_Raw data_:
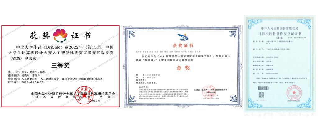 在竞赛中,荣获三项国家级、六项省级、十余项校级奖项与若干院级奖项;并拥有软件著作权一份。
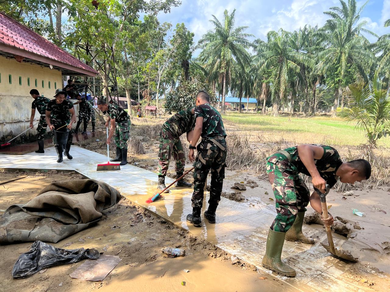 Kegiatan tersebut dilakukan secara bergotong royong, mencerminkan kuatnya semangat kebersamaan antara TNI dan masyarakat dalam menghadapi dampak bencana.
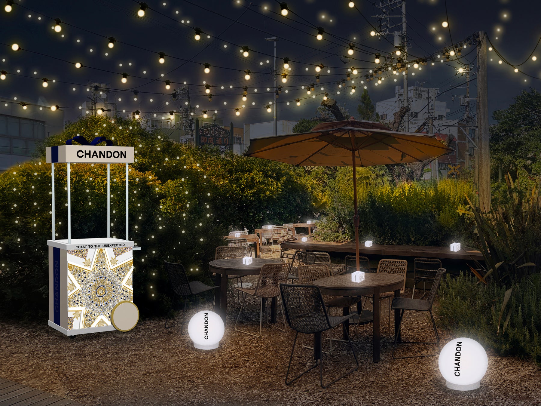 鎌倉の一軒家レストラン「AWkitchen GARDEN 鎌倉」では、星やギフトボックスをモチーフにデコレーションした煌びやかな空間で、「シャンドン ブリュット」「シャンドン ロゼ」をお楽しみいただけます。昼は柔らかな陽光につつまれ、夜はイルミネーションの輝きとともに、ホリデーシーズンを彩ります。また、IVY PLACEをはじめ、ウェスティンホテル東京やヒルトン東京ベイではホリデーの世界観を纏った特別演出を展開。さらに、スーパーマーケットや百貨店、酒類販売店では「シャンドン ブリュット」や「シャンドン ロゼ」をセットにしたオリジナルショッパーや、ホームパーティーを華やかに演出するグラスのセットなどを販売いたします。全国の主要百貨店・スーパーマーケットの一部店舗では、ホリデー限定の特設ディスプレイを設置しギフト選びの時間をより楽しく彩ります。また、店頭サンプリングも順次実施予定で、香りや口当たりを確かめながら、お好みの1本をお選びいただけます。
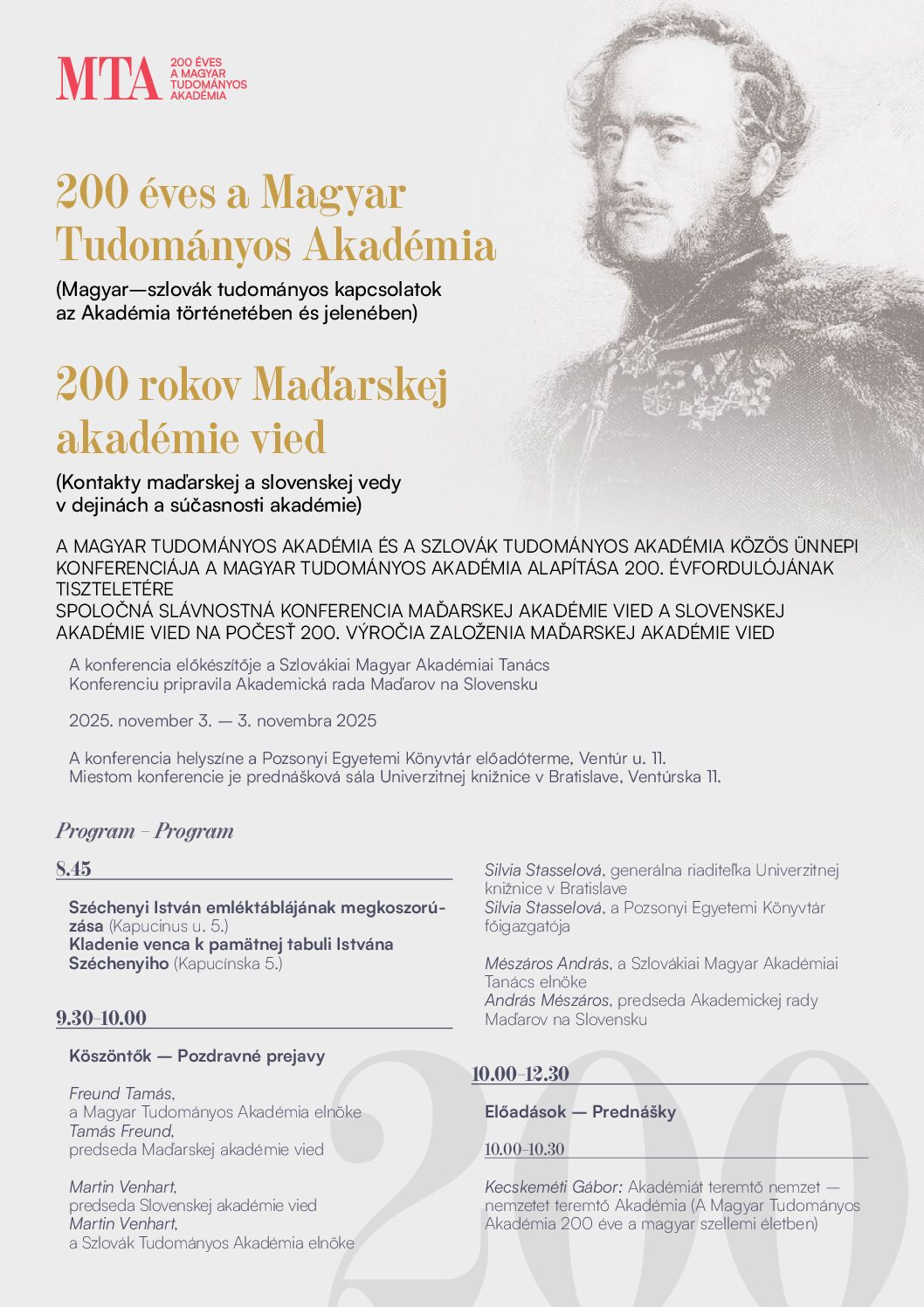 Presne 200 rokov po tom, čo István Széchenyi venoval svoj ročný príjem na založenie maďarskej učenej spoločnosti, sa v budove Univerzitnej knižnice v Bratislave, na mieste niekdajšieho sídla uhorského snemu, konala spoločná slávnostná konferencia MTA a SAV na počesť 200. výročia založenia Maďarskej akadémie vied. Podujatie bolo venované téme Kontakty maďarskej a slovenskej vedy v dejinách a súčasnosti akadémie.
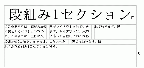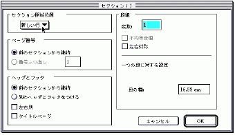 同一ページ内に複数の段組みを混在させる場合、まず、書式メニューの「セクション設定」を開き、セクション開始位置を「新しい行」に設定します。
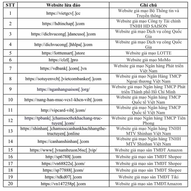 Một số website lừa đảo theo khuyến cáo của Cục An toàn thông tin, Bộ Thông tin và Truyền thông.

_Activity_: Include the first line of the records, the line containing "Kegiatan tersebut dilakukan", and every line between them, repeated exactly. Skip the pictures.

_Output of the task_:
 在竞赛中,荣获三项国家级、六项省级、十余项校级奖项与若干院级奖项;并拥有软件著作权一份。
 Kegiatan tersebut dilakukan secara bergotong royong, mencerminkan kuatnya semangat kebersamaan antara TNI dan masyarakat dalam menghadapi dampak bencana.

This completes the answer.